がん細胞は、エネルギー源であるブドウ糖(グルコース)が不足する過酷な環境でも、生き延びるために代謝の仕組みを柔軟に切り替える能力を持っています。グルコースが不足すると、細胞内では糖の一種であるマンノースを供給する代謝の働きが低下します。すると、がんの悪性化に重要な役割を果たす「糖鎖注1)」が十分に作られなくなることが分かっていました。しかし、この糖鎖の減少が、がん細胞の運命にどのような影響を与えるのかは、これまで明らかではありませんでした。

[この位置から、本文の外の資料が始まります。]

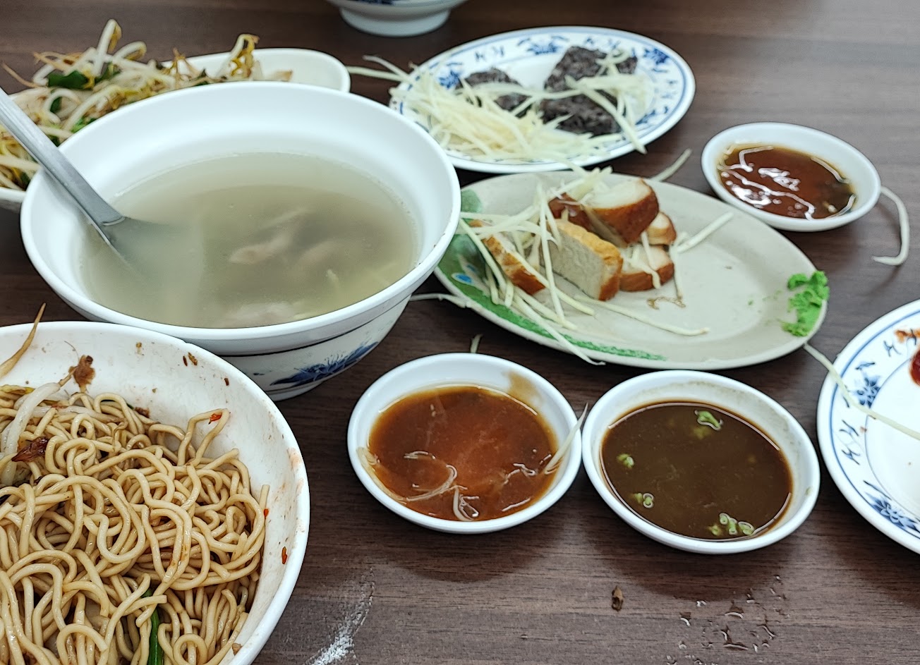 搬離林森路後第一次買,味道變了,以前外帶乾麵都還有滿滿油蔥酥的香味,今天外帶回家後變肉燥拌麵,不用拌每根麵條就都是醬油色,口味偏鹹。大碗的骨仔肉湯肉很多,推魚蛋沙拉,經典招牌菜。
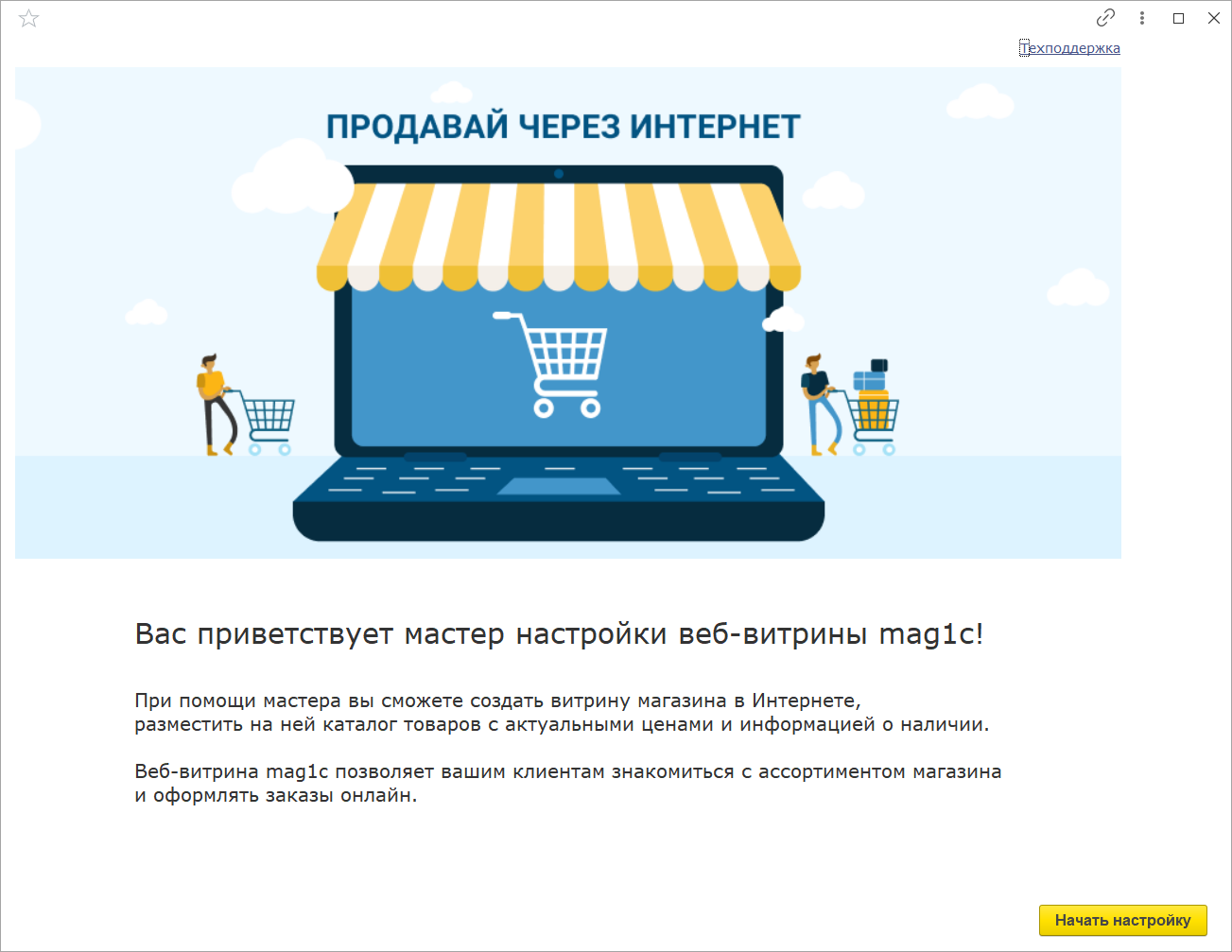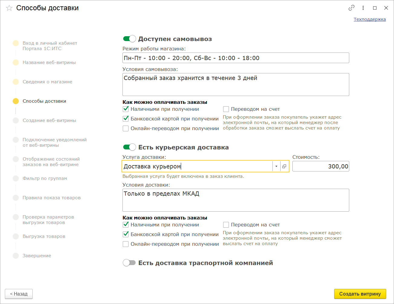 С помощью удобного мастера настройки даже неопытному пользователю будет легко создать веб-витрину, наполнить ее товарами и ценами из программы, указав дополнительно условия доставки и оплаты.
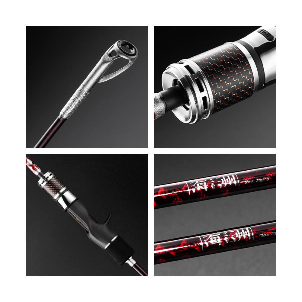 Haiz Series Hollow Slow Jigging Rod. Thanks to the high tonnage carbon blank, Fuji Alconite guides and lightweight Fuji reel seat, the whole rod is light enough for a long-time fishing. KSEH series is hollow with 30T and 40T carbon cloth wrapped. Hollow KSEH series adopt 30T carbon cloth and outer is wrapped by 40T carbon cloth. The hollow blank makes the rod easier to hold. The SSEH series are solid. The solid 30T carbon blank with well-adjusted taper can reduce the use of unnecessary material to make the whole rod lighter. The blank made of high tonnage carbon fiber has a better conductivity. The Fuji guides adopted can effectively reduce the friction between fishing line and rod. Meanwhile, the 37 action ensures a high sensitivity. As a result, the bite signal can quickly transmitted to the angler to better control the rod. The scientific distribution of carbon fiber can greatly improve the rod strength, which helps to quick get the fish back.KSEH is a hollow blank with 40T carbon cloth wrapped, which can effectively reduce the anti-shock force of the blank caused by rebound. Full Fuji Alconite guides have the advantages of light weight, high strength, good wear resistance and strong heat dissipation, which can greatly reduce the wear and tear caused by gravity or long-time operation. The comfortable and durable Fuji reel seat is non-slip, firm and strong. The X45° crossed inverse fiber in the ferrule guarantees an excellent performance in torsion resistance, shock and multi-angle impact resistance. The vacuum seamless joint makes it easier to pull out and insert the rod tip. The advanced translucent ruby red painting retains the original vision and touch feeling of the carbon belt, and fully shows the texture of decorative cloth under different light. The hollow metal fortresslike reel seat cap is more novel and textured.
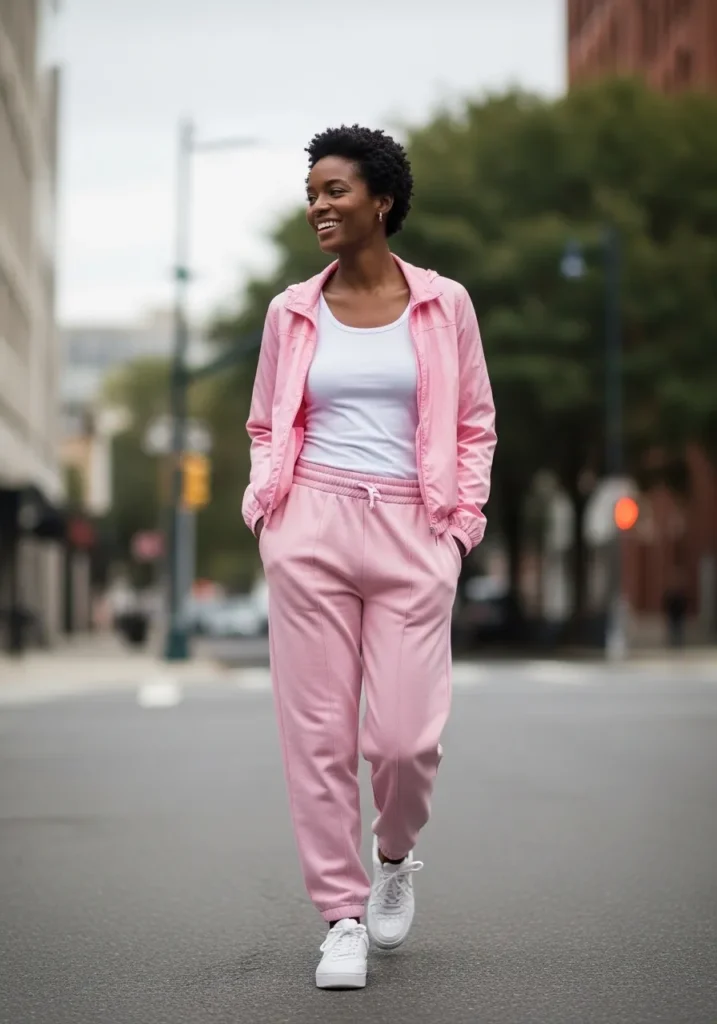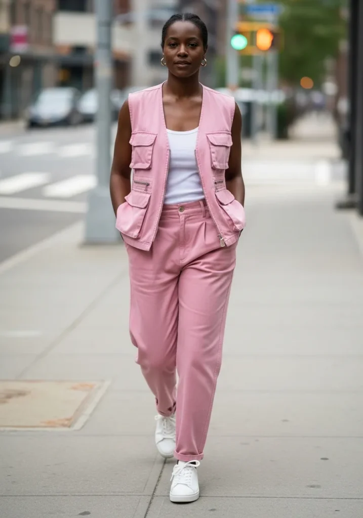This look features a pink vest layered over a matching top with coordinating pants and sneakers. The vest adds structure while the rest of the outfit stays relaxed. The pink tones keep it fun and cohesive.
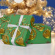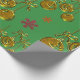 This green and gold Christmas wrap has a pattern of golden Christmas tree baubles and red and orange snowflakes, all on a festive green background.
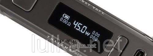 За питание отвечает встроенная батарея на 1500 мАч. Максимальная мощность Thelema Mini составляет 45W. Также предусмотрен стандартный набор защиты.

本研究では、がん細胞を遺伝学的に操作することで、マンノース代謝を介して糖鎖の量を段階的に変化できる実験系を確立しました。その結果、マンノース代謝の低下に伴う糖鎖の減少は、その程度に応じてがん細胞の生存を手助けしたり、がん細胞のストレス耐性を低下させたりする、スイッチの役割をしていることが示されました。
本研究は、代謝と糖鎖がどのように連携してがん細胞の生存を支えているのかを理解する新たな視点を提供するとともに、マンノース代謝や糖鎖の状態を精密に調節することが、がんの新たな治療戦略につながる可能性を示しています。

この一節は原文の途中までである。